在这里，决策树学习器加入了一个 max_depth 的参数，这个参数限定了树的最大深度，设置这个参数的主要原因是为了防止模型过拟合

输出结果：

params:  {'criterion': 'mse', 'max_depth': 5, 'max_features': None, 'max_leaf_nodes': None, 'min_impurity_decrease': 0.0, 'min_impurity_split': None, 'min_samples_leaf': 1, 'min_samples_split': 2, 'min_weight_fraction_leaf': 0.0, 'presort': False, 'random_state': 30, 'splitter': 'best'}
train score:  0.8339532311129941
test score:  0.7857733129009127
MAE: 2.16
MSE: 18.37
RMSE: 4.29

如果不限定树的最大深度会发生什么呢？

model_dtr = DecisionTreeRegressor(random_state=30)
model_dtr.fit(x_train, y_train)
print("params: ", model_dtr.get_params())
print("train score: ", model_dtr.score(x_train, y_train))
print("test score: ", model_dtr.score(x_test, y_test))
predict_y = evaluation(model_dtr)

输出结果：

params:  {'criterion': 'mse', 'max_depth': None, 'max_features': None, 'max_leaf_nodes': None, 'min_impurity_decrease': 0.0, 'min_impurity_split': None, 'min_samples_leaf': 1, 'min_samples_split': 2, 'min_weight_fraction_leaf': 0.0, 'presort': False, 'random_state': 30, 'splitter': 'best'}
train score:  0.999999225529954
test score:  0.8673942873037808
MAE: 1.16
MSE: 14.64
RMSE: 3.83

获得树的最大深度：

model_dtr.get_depth()

输出结果：

我们发现，在不限定树的最大深度时，决策树模型的训练得分（R2）为：0.999999225529954，但测试得分仅为：0.8673942873037808。
这就是模型过拟合，在训练数据上的表现非常良好，当用未训练过的测试数据进行预测时，模型的泛化能力不足，导致测试结果不理想。
感兴趣的同学可以自行查阅关于决策树剪枝的过程。

绘图：

plt.figure(figsize=(10,10))
plt.title('决策树回归-真实值预测值对比')
plt.plot(predict_y[:50], 'ro-', label='预测值')
plt.plot(test_y[:50], 'go-', label='真实值')
plt.legend()
plt.show()

决策树回归

7.随机森林

代码如下：

model_rfr = RandomForestRegressor(random_state=30)
model_rfr.fit(x_train, y_train)
print("params: ", model_rfr.get_params())
print("train score: ", model_rfr.score(x_train, y_train))
print("test score: ", model_rfr.score(x_test, y_test))
predict_y = evaluation(model_rfr)

输出结果：

params:  {'bootstrap': True, 'criterion': 'mse', 'max_depth': None, 'max_features': 'auto', 'max_leaf_nodes': None, 'min_impurity_decrease': 0.0, 'min_impurity_split': None, 'min_samples_leaf': 1, 'min_samples_split': 2, 'min_weight_fraction_leaf': 0.0, 'n_estimators': 10, 'n_jobs': None, 'oob_score': False, 'random_state': 30, 'verbose': 0, 'warm_start': False}
train score:  0.9873589573962257
test score:  0.9004628017201377
MAE: 0.88
MSE: 10.99
RMSE: 3.32

绘图：

plt.figure(figsize=(10,10))
plt.title('随机森林-真实值预测值对比')
plt.plot(predict_y[:50], 'ro-', label='预测值')
plt.plot(test_y[:50], 'go-', label='真实值')
plt.legend()
plt.show()

随机森林

8.XGBoost

XGboost是华盛顿大学博士陈天奇创造的一个梯度提升（Gradient Boosting）的开源框架。
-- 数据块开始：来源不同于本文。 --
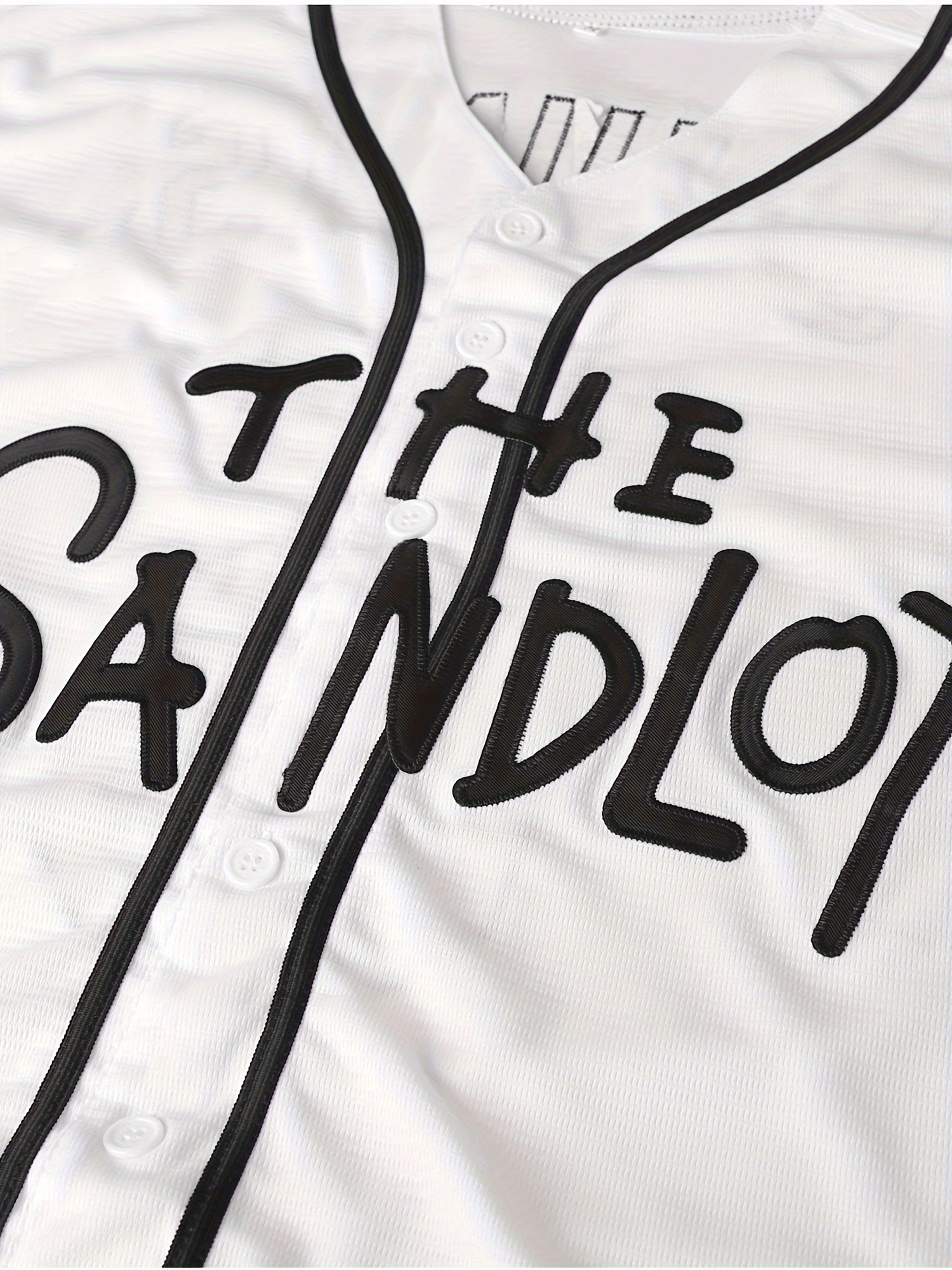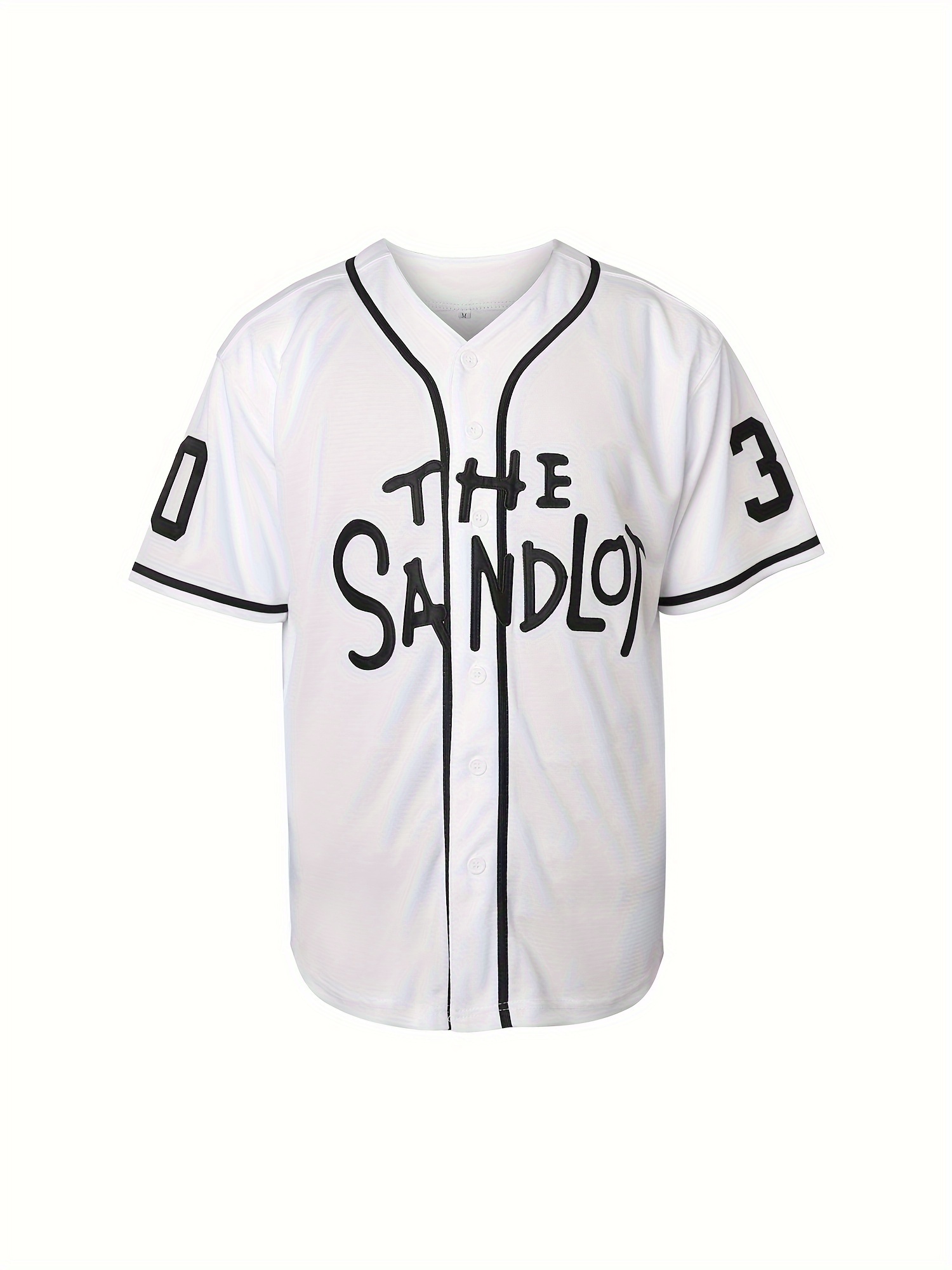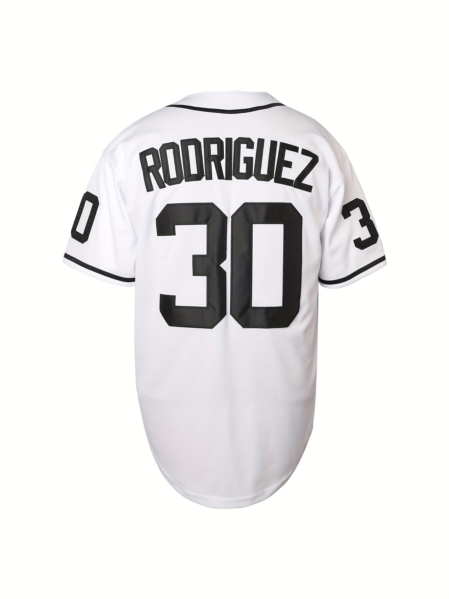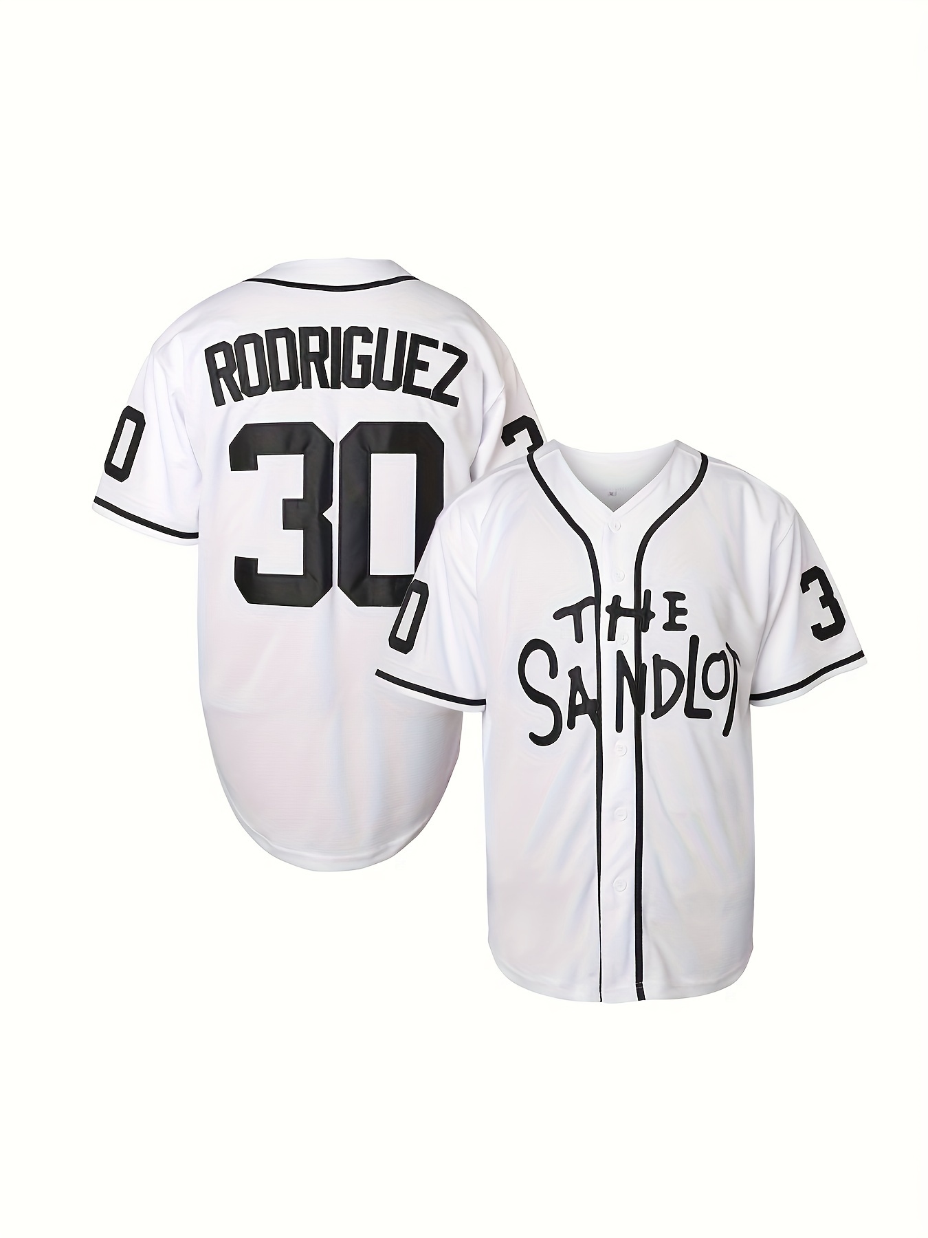Men's Retro Baseball Jersey #30 - Embroidered "THE SANDLOT" V-Neck Button-Up Shirt, Loose Fit Short Sleeve with Rodriquez Nameplate, Machine Washable All-Season Casual Sportswear for Team Sports & Holidays, Outdoor Activity Apparel, Durable Sportswear

至今可以算是各种数据比赛中的大杀器，被大家广泛地运用。

代码如下：

model_xgbr = XGBRegressor(n_estimators = 200, max_depth=5, random_state=1024)
model_xgbr.fit(x_train, y_train)
print("params: ", model_xgbr.get_params())
print("train score: ", model_xgbr.score(x_train, y_train))
print("test score: ", model_xgbr.score(x_test, y_test))
predict_y = evaluation(model_xgbr)

输出结果：

params:  {'objective': 'reg:squarederror', 'base_score': 0.5, 'booster': 'gbtree', 'colsample_bylevel': 1, 'colsample_bynode': 1, 'colsample_bytree': 1, 'gamma': 0, 'gpu_id': -1, 'importance_type': 'gain', 'interaction_constraints': '', 'learning_rate': 0.300000012, 'max_delta_step': 0, 'max_depth': 5, 'min_child_weight': 1, 'missing': nan, 'monotone_constraints': '()', 'n_estimators': 200, 'n_jobs': 0, 'num_parallel_tree': 1, 'random_state': 1024, 'reg_alpha': 0, 'reg_lambda': 1, 'scale_pos_weight': 1, 'subsample': 1, 'tree_method': 'exact', 'validate_parameters': 1, 'verbosity': None}
train score:  0.9897272945187993
test score:  0.8923618501911923
MAE: 0.88
MSE: 11.88
RMSE: 3.45

绘图：

plt.figure(figsize=(10,10))
plt.title('XGBR-真实值预测值对比')
plt.plot(predict_y[:50], 'ro-', label='预测值')
plt.plot(test_y[:50], 'go-', label='真实值')
plt.legend()
plt.show()

XGBR

9.集成模型Voting

Voting可以简单理解为将各个模型的结果加权平均，也是使用较多的一种集成模型。

代码如下：

model_voting = VotingRegressor(estimators=[('model_LR', model_LR),
                                           ('model_knn', model_knn), 
                                           ('model_dtr', model_dtr),
                                           ('model_rfr', model_rfr),
                                           ('model_xgbr', model_xgbr)])
model_voting.fit(x_train, y_train)
# print("params: ", model_voting.get_params())
print("train score: ", model_voting.score(x_train, y_train))
print("test score: ", model_voting.score(x_test, y_test))
predict_y = evaluation(model_voting)

输出结果：

train score:  0.9572901767964346
test score:  0.8964163648799375
MAE: 1.08
MSE: 11.44
RMSE: 3.38

绘图：

plt.figure(figsize=(10,10))
plt.title('集成模型voting-真实值预测值对比')
plt.plot(predict_y[:50], 'ro-', label='预测值')
plt.plot(test_y[:50], 'go-', label='真实值')
plt.legend()
plt.show()

Voting

10.Tensorflow神经网络

使用Tensorflow前需要安装，本文使用的是tensorflow2.0.0版本。

为了使模型快速收敛，首先需要将数据标准化。

代码如下：

scaler = StandardScaler()
x_train_scaled = scaler.fit_transform(x_train)
x_test_scaled = scaler.transform(x_test)

train_x = np.array(x_train_scaled)
test_x = np.array(x_test_scaled)
train_y = np.array(y_train)
test_y = np.array(y_test)


# 1、模型初始化
model_tf = tf.keras.Sequential()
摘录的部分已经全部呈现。